Infobright is now offering an open-source data warehousing product, the company announced Monday.

Analytic data warehousing vendor Infobright is releasing an open-source data warehousing product under the GPL v2 license, and has gained Sun Microsystems as an investor through a US$10 million round of venture funding, the startup announced Monday.

The size of Sun's stake in the funding round was not disclosed.

Meanwhile, Infobright is adding the open-source Community Edition to its existing enterprise offering. The latter product provides features such as faster data-loading, support for text and binary loading, a product warranty and indemnification.

Infobright had already integrated its technology with Sun's open-source MySQL database. And competitors like Greenplum have also incorporated open-source database technology in their products.

But no data warehouse vendors have "a purely open-source-based solution -- i.e., one that also incorporates an open-source data loader, open-source query-optimization tools, open-source workload management tools, and so forth," said Forrester Research analyst James Kobielus via e-mail. "So Infobright offering a purely open-sourced DW product gives them that degree of competitive differentiation."

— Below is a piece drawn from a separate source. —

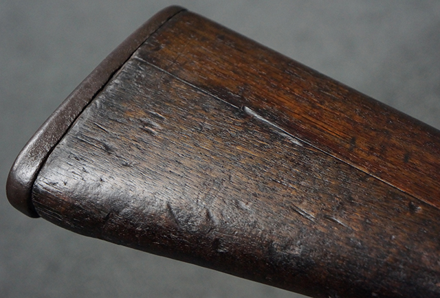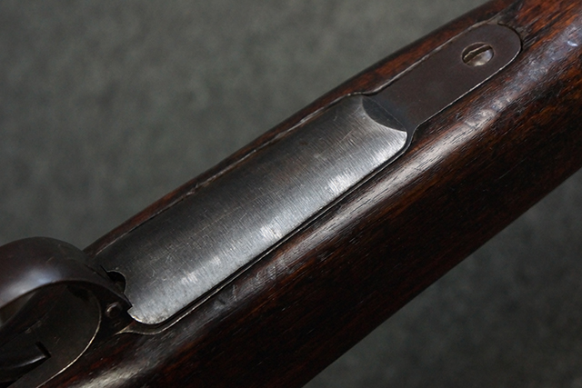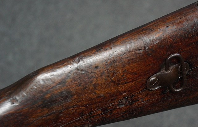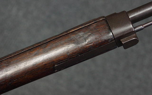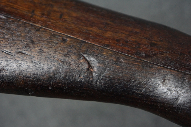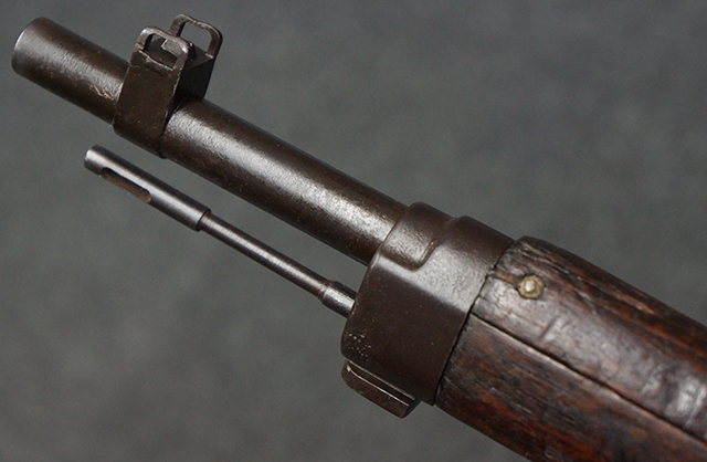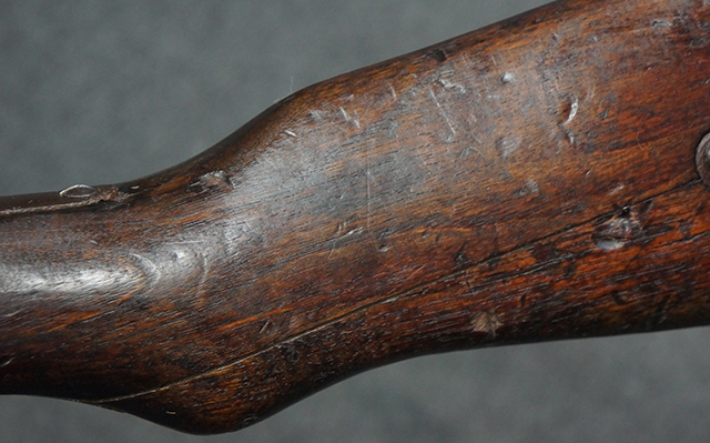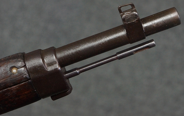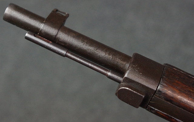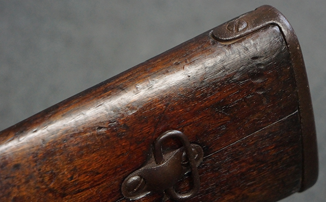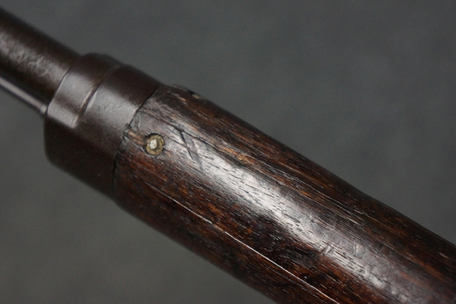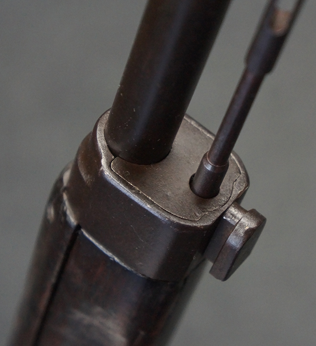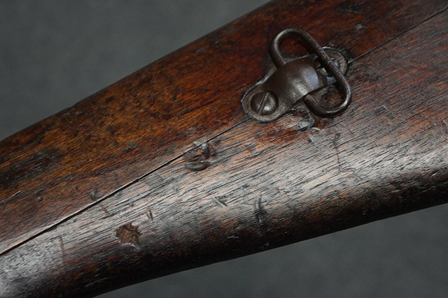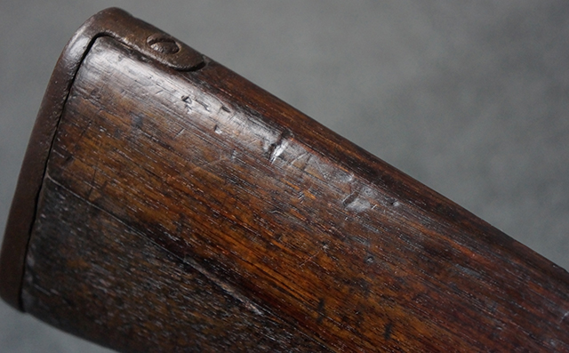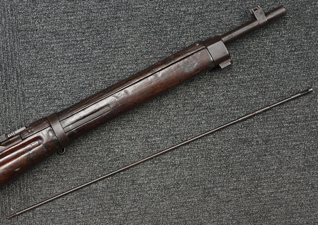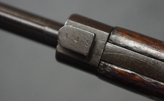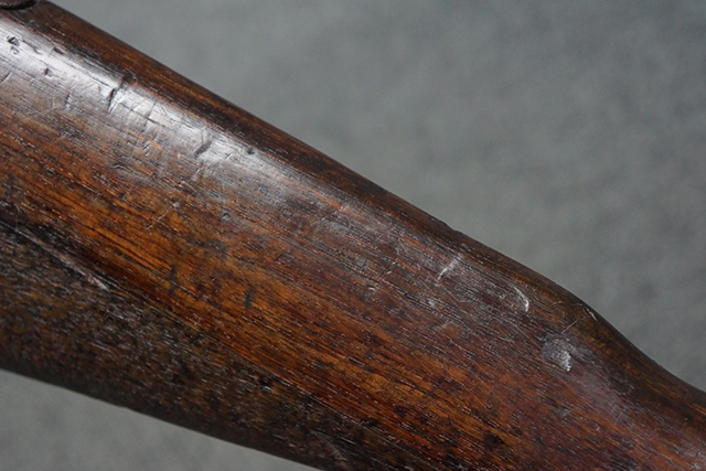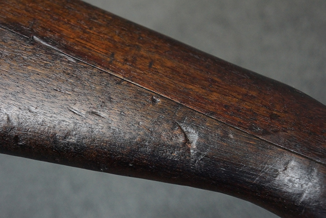 本品は全体に適度に使い込まれたコンディションとなっており、金属部はやや擦れや経年による褪色の他、槓桿や上/下帯、上/下支鉄等にやや表面錆や朽ち込み痕が見受けられますが、全体としては大きな欠損は見受けられず、概ねしっかりとした状態が保たれています。 照星のガード部分や下帯の負革止にやや歪みが見られます。 木部については、銃床側面にやや深い打ち傷や線傷が見られる他、木被の前後端にクラックが見られますが、全体としては大きな欠損は見られず、強度的にも比較的しっかりとした状態が保たれています。 銃床上下の継ぎ目については、やや隙間が見られますが、現状目立ったがたつきは見られません。 床尾板取付部周辺の木部にやや痩せが見られます。 傷み易い床尾板についても、全体に時代錆や表面錆痕が表れており、銃床への取り付けに若干のがたつきが見られますが、それほど気にならないレベルのものです。 照尺の既倒・調整や弾倉底板の着脱については問題なく行う事が可能です。 弾倉内の弾受 (フォロワー) 及び撥条は入っています。 復刻品のさく杖が付属致します。

That said, while open-source software means zero license costs for core components and the ability to tweak source code, it is unlikely that any customer would choose not to buy support, and there would be associated hardware costs, Kobielus said.

"Also, users would need to train or recruit DBAs and developers on the open-source DW stack, plus (in non-greenfield deployments) task developers with migrating and rewriting ETL scripts, OLAP cubes, reports, and analytics to interface with the open-source DW," he added. "So it's not at all clear whether a purely open-source DW would be any cheaper over its lifecycle to implement and administer than a traditional DW incorporating closed-source software."

For its part, Infobright positions the Community Edition as better for departmental uses or "open source enthusiasts," and the enterprise product for broader demands.

A four-hour support pack will be available for the Community Edition for US$750, in addition to the community site at www.infobright.org. Enterprise edition subscription pricing starts at US$9,950 per terabyte per year.